Neil as soon as you have neough posts to recieve pm's I send you one.
There are things you need to know which cannot be discussed on the open forum.

Veronica


----------



## neil-t (Sep 27, 2009)

Hi Cleo, thanks for responding again. Neil


----------



## neil-t (Sep 27, 2009)

Hi Veronica, thanks for responding again. Neil


----------



## neil-t (Sep 27, 2009)

I think this should take me up to 5 posts.


----------



## Chris & Andrea (Feb 15, 2008)

Hi Neil,
Whoops! I've actually sent you quite a lengthy private message ~ well it sent anyway!
It might pop up at some time?
Regards,
Chris


----------



## mary skinner (Oct 5, 2010)

Chris & Andrea said:


> Hi Both, yes Veronica is aware of the issue I've had with StoneBest, which in the main has been the slowness of getting the job finished; not untypical I know, siga siga and all that. Although in the present finacial climate, its probably a bonus, as our mortgage payments are growing with the stage payments and have not taken off with a big bang.

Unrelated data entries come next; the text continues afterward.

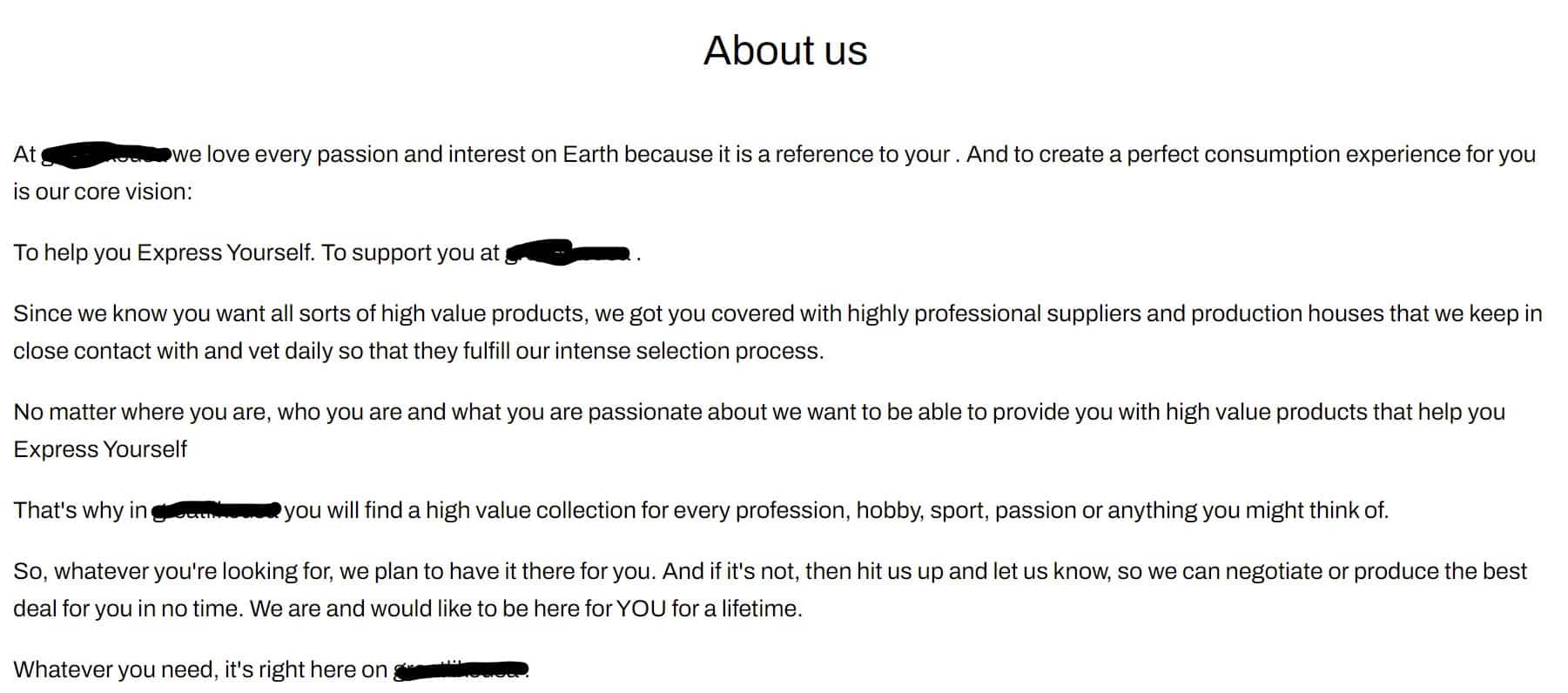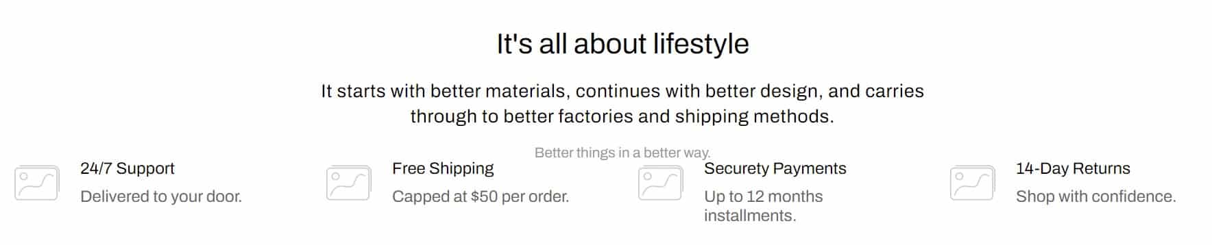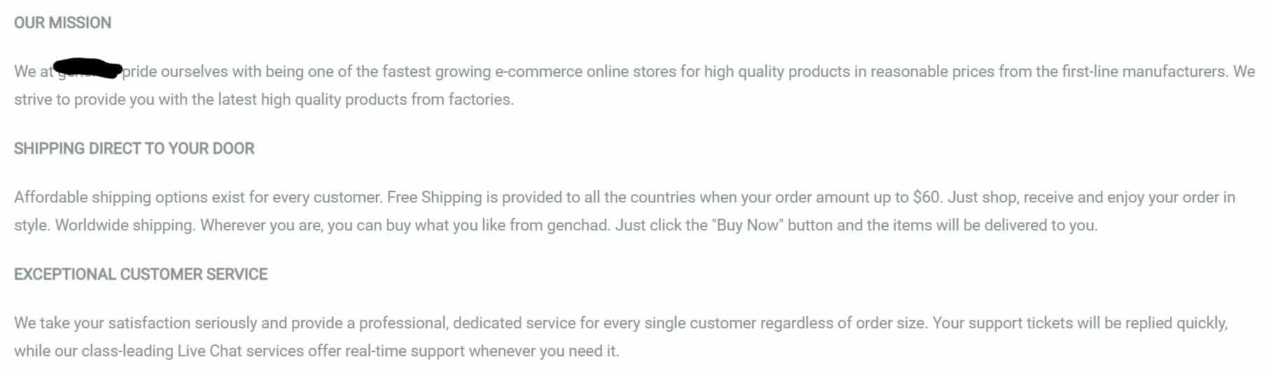 The second is great because they give a mission statement. Except it is a word salad that says nothing and means nothing (and to be fair, many legitimate companies have the same issue). Shipping Direct To Your Door is also cool. Look how carefully they go to convince you that they can ship! And, if you have a problem, don’t worry! “Your support tickets will be replied quickly.” Yeah, uh-huh, sure.
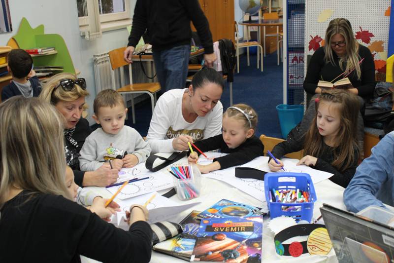 Fotografije s jučerašnje radionice Utorkom u 4. Čitali smo priču Velimira Sriće Veliko putovanje Maloga globusa, a potom izrađivali krune sa suncem i planetima, kao prave kraljice i kraljevi svemira.
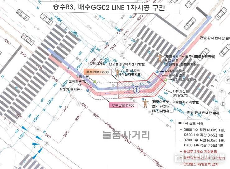 한국현대미술신문 원진 기자 | 원주시상하수도사업소는 태장배수지 설치사업의 일환으로 진행되는 늘품사거리 교차로 구간 송배수관로 설치공사를 야간에 실시한다.
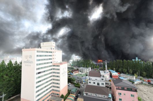 광주 금호타이어 공장에서 난 큰불이 13시간 넘게 꺼지지 않으면서 연기가 인근 주거지역까지 번지자 시민들의 대피 행렬이 시작됐다.
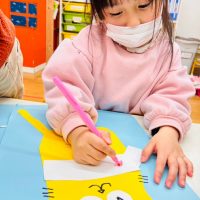 Today’s project was making winter cat pictures for decorating the classroom. Everyone cut and pasted scarfs to …

They're only a small developer and this would appear to be their first big development albeit only five luxury villas. I'm confident having originally viewed an identical property two years ago that that the final product should be beautiful. We're across again in November having been reliably informed it should be nearly finished. We will see! Chris


Hi Chris
Hope you're well. Note that you viewed a similar property two years ago, could you let me know where that is.
Kind regards
Mary


----------



## Veronica (Apr 5, 2008)

mary skinner said:


> Hi Chris
> Hope you're well. Note that you viewed a similar property two years ago, could you let me know where that is.
> Kind regards
> Mary


Hi Mary,

Chris and Andrea are in Cyprus at the moment trying to sort out some issues with Stone best so may not have access to the internet for the next week or so.
I am sure when they get back home they will get in touch. Suffice it to say they are not happy with their developer at this time and I very much doubt whether they would recommend them now.

Regards
Veronica


----------



## Chris & Andrea (Feb 15, 2008)

Veronica said:


> Hi Mary,
> 
> Chris and Andrea are in Cyprus at the moment trying to sort out some issues with Stone best so may not have access to the internet for the next week or so.
> I am sure when they get back home they will get in touch. Suffice it to say they are not happy with their developer at this time and I very much doubt whether they would recommend them now.
> ...


Hi Mary & Veronica,
Arrived back late last night after a delayed and longer flight due to French Air Traffic Control! Had to be at the Home Office in London first thing today, so just about getting my head together. Thanks both for your respective PM and e-mail messages.
Mary ~ I'll ring you tonight on your UK number and respond in depth to your
e-mail Veronica, especially as we managed to identify and meet with some other buyers!
Kind regards
Chris


----------



## Veronica (Apr 5, 2008)

Chris & Andrea said:


> Hi Mary & Veronica,
> Arrived back late last night after a delayed and longer flight due to French Air Traffic Control! Had to be at the Home Office in London first thing today, so just about getting my head together. Thanks both for your respective PM and e-mail messages.
> Mary ~ I'll ring you tonight on your UK number and respond in depth to your
> e-mail Veronica, especially as we managed to identify and meet with some other buyers!
> ...


Hi Chris, Glad you got back home Ok albiet delayed. (Those darn french )

Veronica


----------